▶ Exercise goal
In the records below, find the line with "三元豚ロースかつ 680円(税込734円)" and repeat exactly every line from it through the line with "6月の夕膳1,980円(税込2,178円) うな重・赤城山麓もち豚ステーキ お造り・お替り自由のご飯". Pictures stay out.

▶ Information supplied
━━━━━━━━━━━━━━━━

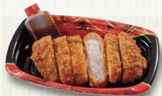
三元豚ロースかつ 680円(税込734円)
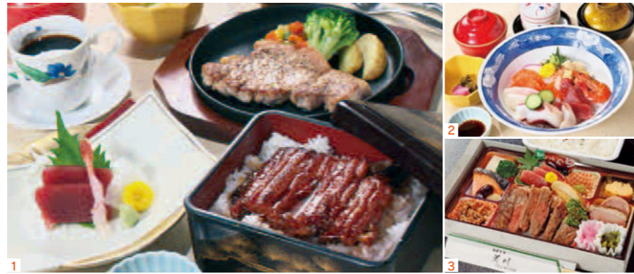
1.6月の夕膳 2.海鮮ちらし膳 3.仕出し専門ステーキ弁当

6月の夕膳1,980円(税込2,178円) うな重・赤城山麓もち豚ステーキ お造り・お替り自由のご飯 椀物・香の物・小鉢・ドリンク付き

━━━━━━━━━━━━━━━━

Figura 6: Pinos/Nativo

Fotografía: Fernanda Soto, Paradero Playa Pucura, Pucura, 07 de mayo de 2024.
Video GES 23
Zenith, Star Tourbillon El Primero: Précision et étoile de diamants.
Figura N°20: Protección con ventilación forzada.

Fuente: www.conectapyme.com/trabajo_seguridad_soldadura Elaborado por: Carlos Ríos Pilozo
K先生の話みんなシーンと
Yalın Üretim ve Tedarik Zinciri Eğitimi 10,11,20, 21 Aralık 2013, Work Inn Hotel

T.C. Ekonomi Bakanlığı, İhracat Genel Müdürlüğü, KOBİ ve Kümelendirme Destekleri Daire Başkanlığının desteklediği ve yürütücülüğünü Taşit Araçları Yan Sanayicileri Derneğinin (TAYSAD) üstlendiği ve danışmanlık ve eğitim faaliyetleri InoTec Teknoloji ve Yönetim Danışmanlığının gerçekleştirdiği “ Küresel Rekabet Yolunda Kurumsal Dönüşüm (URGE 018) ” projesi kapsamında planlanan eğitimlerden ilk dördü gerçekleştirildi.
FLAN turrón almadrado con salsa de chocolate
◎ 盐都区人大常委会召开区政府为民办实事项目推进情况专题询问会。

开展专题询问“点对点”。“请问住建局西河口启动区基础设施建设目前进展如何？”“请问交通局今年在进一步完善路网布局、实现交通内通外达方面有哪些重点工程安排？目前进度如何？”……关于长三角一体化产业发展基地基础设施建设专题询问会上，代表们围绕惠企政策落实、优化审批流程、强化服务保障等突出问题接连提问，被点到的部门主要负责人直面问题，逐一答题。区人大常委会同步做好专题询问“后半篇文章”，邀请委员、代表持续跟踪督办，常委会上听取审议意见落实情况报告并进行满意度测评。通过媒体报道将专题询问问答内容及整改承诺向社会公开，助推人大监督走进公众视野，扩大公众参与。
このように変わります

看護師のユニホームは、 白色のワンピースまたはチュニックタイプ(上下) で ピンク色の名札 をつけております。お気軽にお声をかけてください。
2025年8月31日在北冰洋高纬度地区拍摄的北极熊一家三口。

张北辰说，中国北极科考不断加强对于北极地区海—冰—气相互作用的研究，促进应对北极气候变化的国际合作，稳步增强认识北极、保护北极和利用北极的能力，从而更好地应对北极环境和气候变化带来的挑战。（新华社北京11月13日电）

━━━━━━━━━━━━━━━━

▶ Your response
三元豚ロースかつ 680円(税込734円)
1.6月の夕膳 2.海鮮ちらし膳 3.仕出し専門ステーキ弁当

6月の夕膳1,980円(税込2,178円) うな重・赤城山麓もち豚ステーキ お造り・お替り自由のご飯 椀物・香の物・小鉢・ドリンク付き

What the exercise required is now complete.